- Sanvordem Location in Goa, India Sanvordem Sanvordem (India)
- Coordinates: 15°16′N 74°07′E﻿ / ﻿15.27°N 74.12°E
- Country: India
- State: Goa
- District: Kushavati district
- Elevation: 18 m (59 ft)

Population (2001)
- • Total: 4,832

Languages
- • Official: Konkani
- Time zone: UTC+5:30 (IST)
- Vehicle registration: GA
- Website: goa.gov.in

= Sanvordem =

Sanvordem (Sanvodd'ddem, pronounced, /kok/) is a census town in Kushavati district in the Indian state of Goa. It is a twin town with Curchorem and is about 14 km from Shiroda via Panchawadi. Sunday is the major market day and people from the nearby areas flock to buy necessities. A few years back it was considered a more remote place in Goa but today it is a fast developing town. It is a one-and-a-half-hour drive from the Goan capital Panaji.

==Geography==
Sanvordem is located at Sanguem taluka. It has an average elevation of 18 metres (59 feet).

==Demographics==
As of 2001 India census, Sanvordem had a population of 4,832. Males constitute 50% of the population and females 50%. Sanvordem has an average literacy rate of 72%, higher than the national average of 59.5%: male literacy is 78%, and female literacy is 67%. In Sanvordem, 12% of the population is under 6 years of age.

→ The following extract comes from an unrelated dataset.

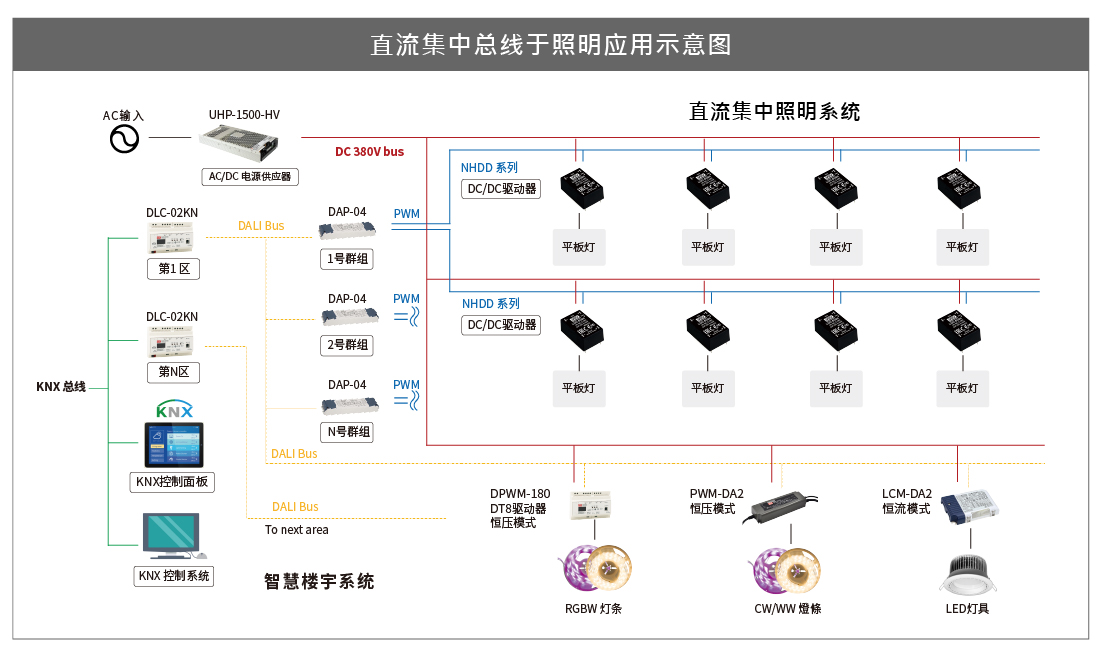 憑借超過35年的電源設(shè)計和制造經(jīng)驗,我們定義新的直流集中供電和直流照明應(yīng)用方式,可提供機殼型與DC/DC LED驅(qū)動器的完整解決方案。此外,直流集中供電可輕松整合到再生能源系統(tǒng)中,以降低電源轉(zhuǎn)換損失及結(jié)合儲能系統(tǒng)(ESS)的使用方式。如此才能達到一個完整的“直流世界”應(yīng)用,請參考下圖。
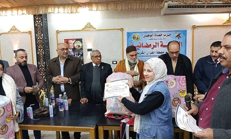 نظّمت أمانة حزب حماة الوطن بمركز فاقوس احتفالية لتكريم حفظة القرآن الكريم، وذلك برئاسة الدكتور هيثم أبو سمرة أمين الأمانة، في إطار حرص الحزب على دعم وتشجيع النشء والشباب على حفظ كتاب الله والتمسك بالقيم الدينية الصحيحة.

==Government and politics==
Sanvordem is part of Sanvordem (Goa Assembly constituency) and South Goa (Lok Sabha constituency).

==Economy==
Mining is one of the major economic activities of Sanvordem. A lot of trucks carrying the ore from one place to another are a regular sight on local roads. It is more known for a wholesale market value.